Delia Elena San Marco | Jorge Luis Borges

Posted on August 2, 2010

0


Kami saling mengucapkan selamat tinggal di satu sudut Plaza de Once.

Dari trotoar di sisi lain jalan itu aku menoleh dan memandang ke belakang; kaupun menoleh, dan kau lambaikan tangan selamat tinggal.

Sebuah sungai kendaraan dan orang-orang berlarian diantara kami; saat itu jam lima sore yang biasa. Bagaimana aku mengetahui bahwa sungai itu adalah Acheron yang sedih, yang tak seorangpun dapat menyeberang dua kali?

Kemudian kami kehilangan pandangan satu sama lain, dan setahun kemudian kau meninggal.

Dan sekarang aku mencari-cari kenangan dan dan memandanginya serta berpikir bahwa ada yang salah, bahwa di bawah perpisahan yang remeh ada terbaring sebuah perpisahan tak terbatas.

Malam yang terakhir aku tidak keluar setelah makan malam. Untuk mencoba mengerti hal ini, aku membaca ulang pelajaran terakhir bahwa Plato memasukkan ucapan gurunya.

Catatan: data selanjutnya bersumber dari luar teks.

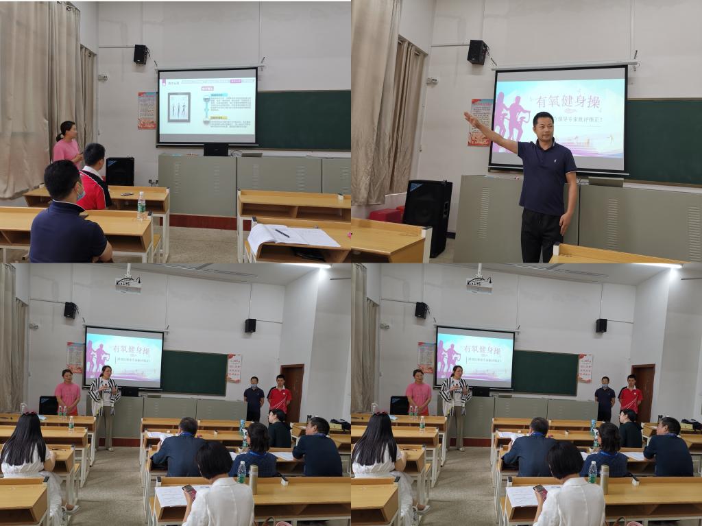 本次比赛参照省赛规则,参赛团队选取某门课程一个学期中连续、完整的12学时的教学内容完成教学设计、实施课堂教学、评价目标达成、进行反思改进。比赛分为现场展示和答辩两个环节。在第一个环节中,每个教学团队负责人介绍了教学实施报告的有关内容,另外两名成员分别针对两份参赛教案中的内容进行了形式为内容讲授、演示教学或课堂小结的模拟教授。在第二个环节,评委根据参赛团队提供的教学资料,围绕教学设计、实施课堂教学、评价目标达成等进行提问,团队成员根据评委提问进行答辩。比赛现场,4个教学团队胸有成竹、齐心协力,以优秀的个人素质、精湛的教学艺术,丰富的教学内容及创新的教学思维与设计,赢得了在场评委和观摩教师的高度肯定,充分展示了各自团队的教学风采。最终,四个参赛团队经过激烈角逐,大学体育参赛团队获得本次教师教学能力比赛一等奖。
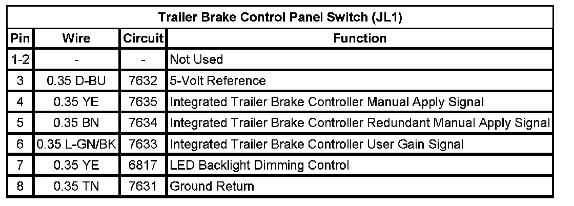 Trailer Brake Control Panel Switch (JL1)
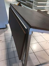 Dimensioni 130x80cm (+estensione 40cm), h variabile 76-96cm. Ideale per cassette di frutta e verdura.
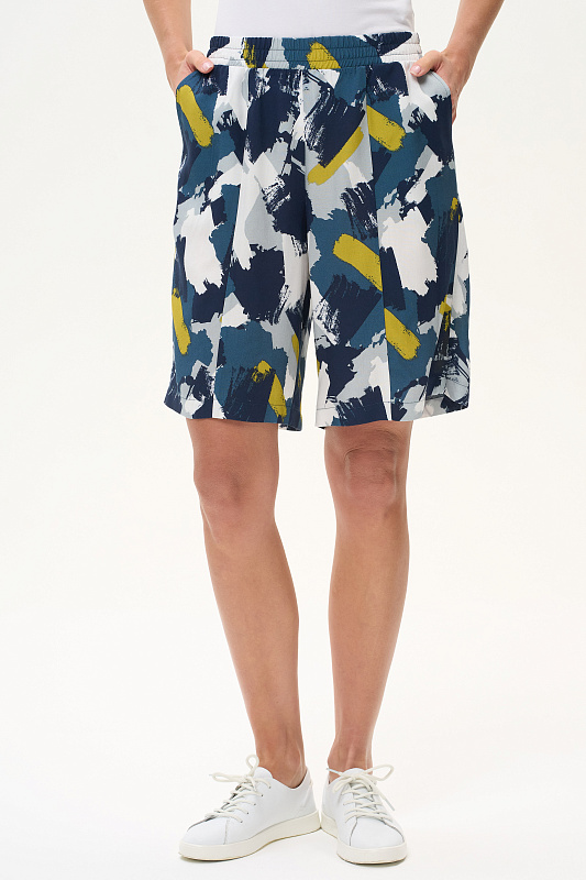 Лёгкие шорты из штапеля 120 гр рисунок Яркая абстракция. Модель свободная, длиной до колен, пояс с эластичной лентой внутри. Стильные свободные летние шорты -отличный вариант для города, отдыха и прогулок. Рост модели 175 см.
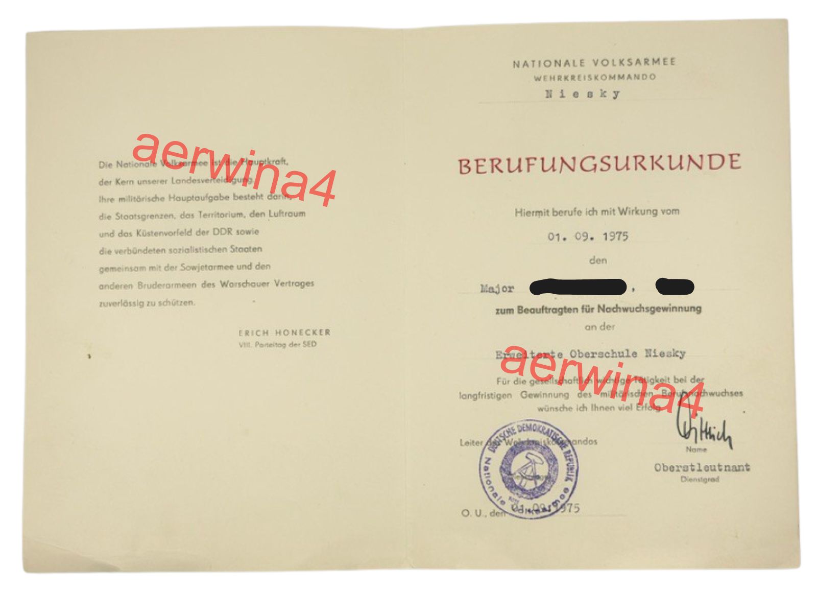Berufungsurkunde zur Nachwuchsgewinnung an der Oberschule Niesky
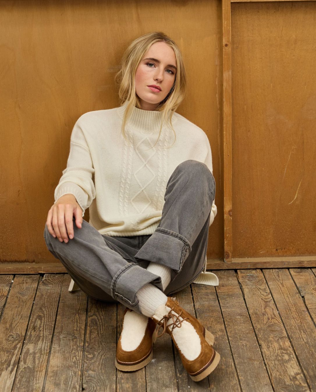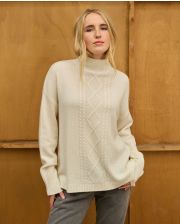 Pull ample col montant en cachemire double fil. Jacquard milieu devant. Deux fentes au bas. Le mannequin mesure 1m72 et porte une taille 1. 100% cachemire.
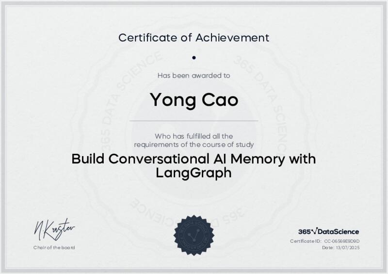 This user has been awarded the Build Conversational AI Memory with LangGraph Certificate for successfully completing the course exam. Holding this certificate demonstrates their proficiency on the topic and signifies they are qualified to apply their newly acquired expertise in the fields of data analytics and data science.
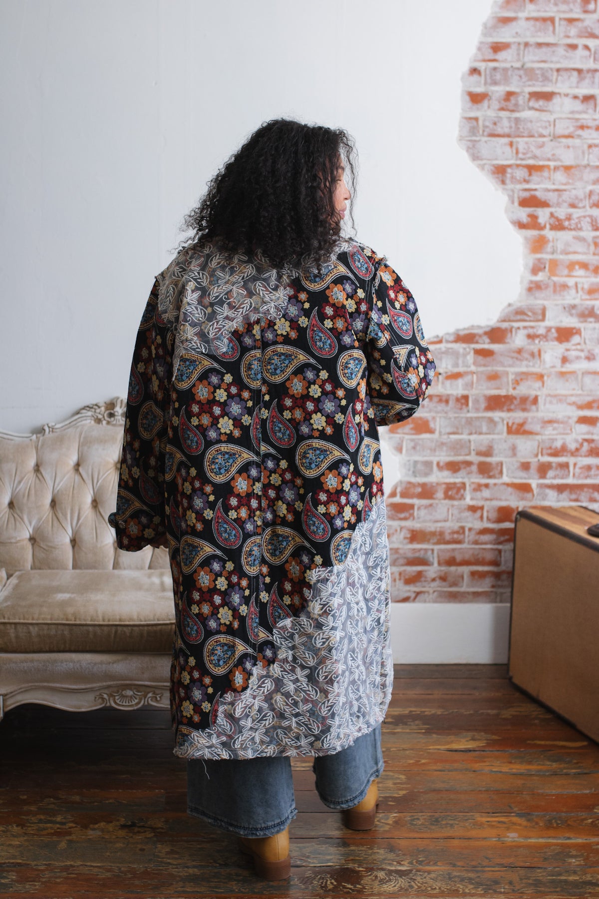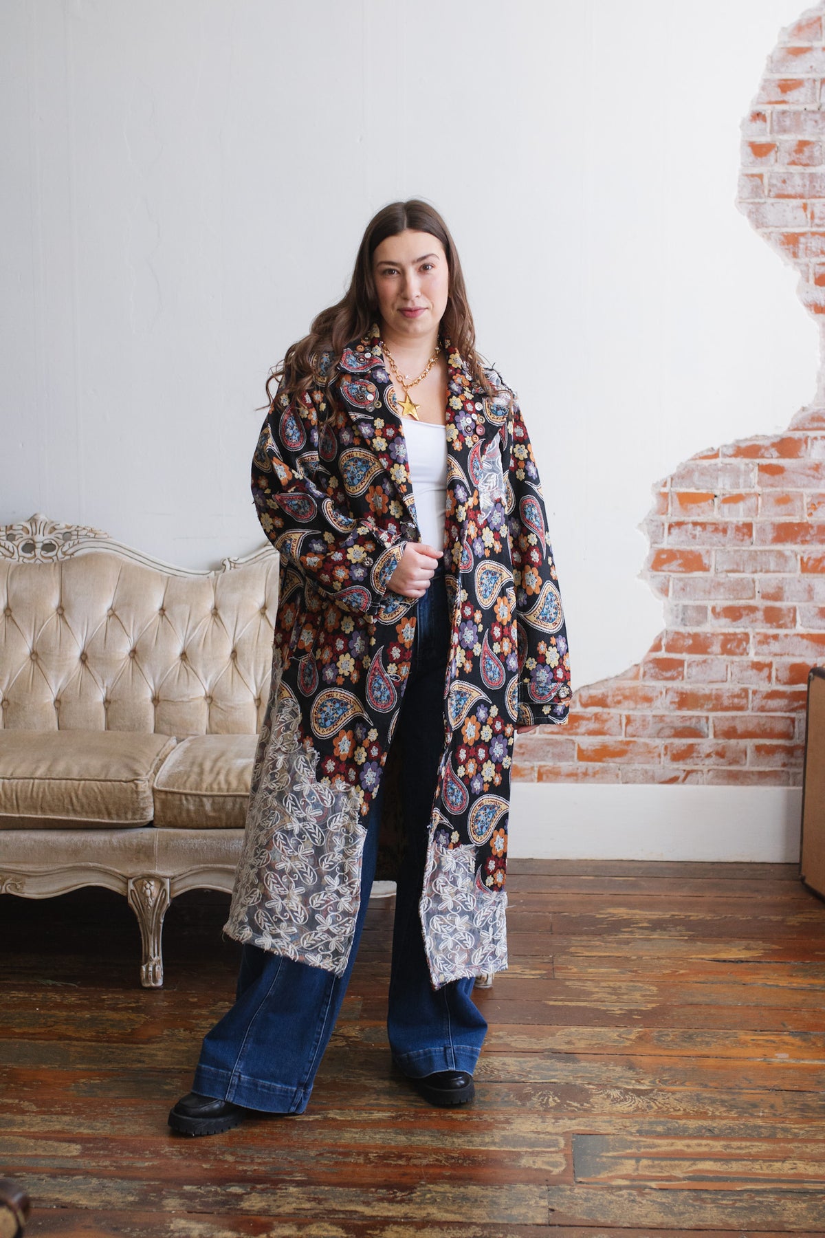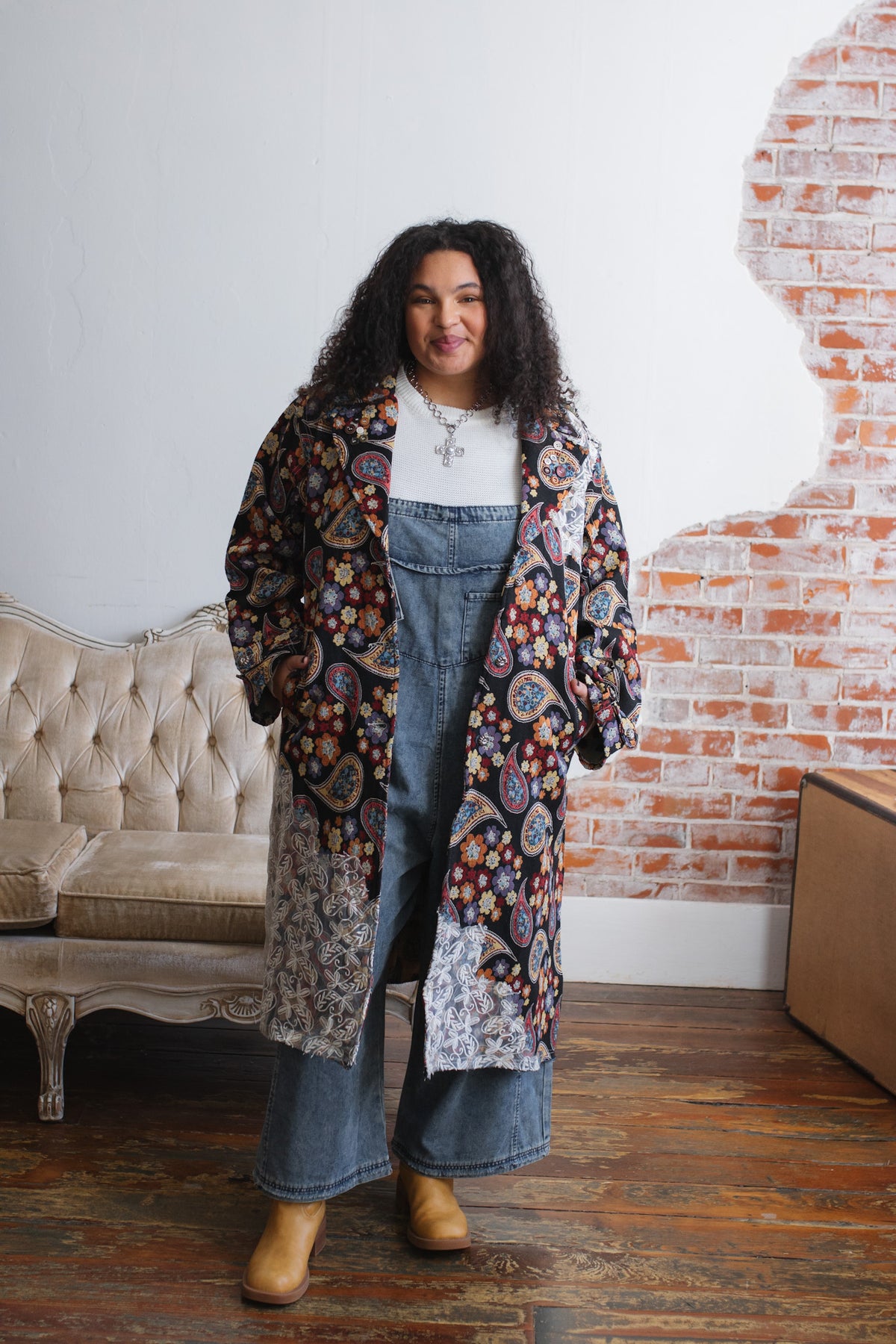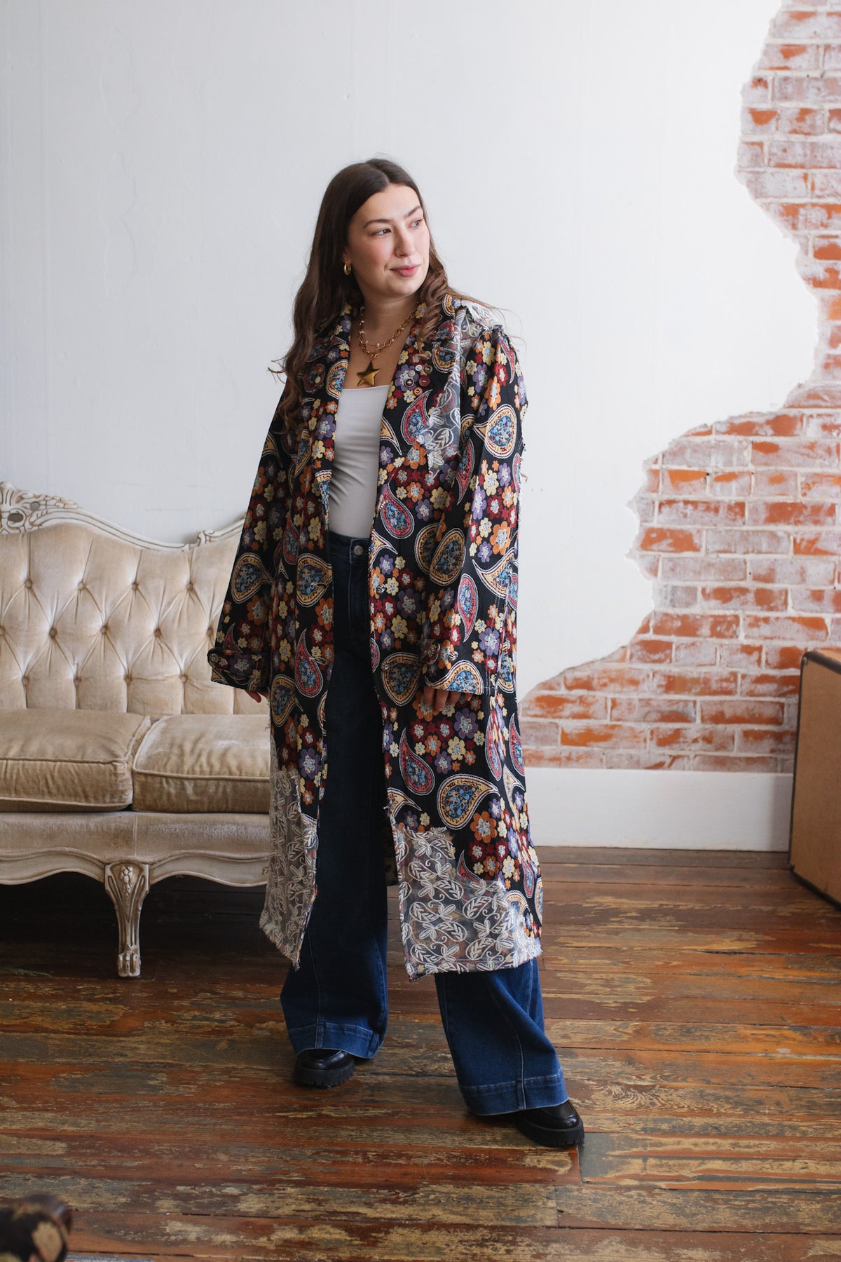 Looking for a statement layer that feels like wearable art? The Penny Floral Brocade Duster Jacket brings joyful drama to your wardrobe with its rich floral tapestry, vintage-inspired paisley motifs, and whimsical button detailing. Crafted in a structured, oversized silhouette, this duster instantly elevates denim days or adds eclectic charm to layered looks. Finished with a romantic lace overlay along the hem and shoulder, it’s equal parts cozy, creative, and unmistakably one-of-a-kind.

Aku membaca bahwa jiwa dapat terbang ketika badan mati.

Dan sekarang aku tidak yakin apakah kebenaran terletak pada penafsiran selanjutnya yang tak menyenangkan atau pada perpisahan yang tak bersalah.

Menyatakan selamat tinggal adalah menyangkal perpisahan; katakanlah Hari ini kita pergi melewati jalan kita, tetapi besok kita akan bertemu lagi. Manusia menciptakan perpisahan karena mereka bagaimanapun mengetahui diri mereka sendiri tak abadi, juga ketika melihat diri mereka sebagai kesatuan dan berlangsung sebentar saja.

Suatu hari kami akan mengadakan percakapan tak tertentu ini lagi, Delia – di tikungan sungai apa? — dan kita akan menanyai diri kita masing-masing apakah kita pernah ada, di sebuah kota yang menghilang menjadi daratan, Borges dan Delia.

***
Diterjemahkan oleh Ahmad Muhaimin dari Delia Elena San Marco karya Jorge Luis Borges. Cerita ini terdapat dalam kumpulan cerita The Aleph karya Jorge Luis Borges. Penguin Books. London.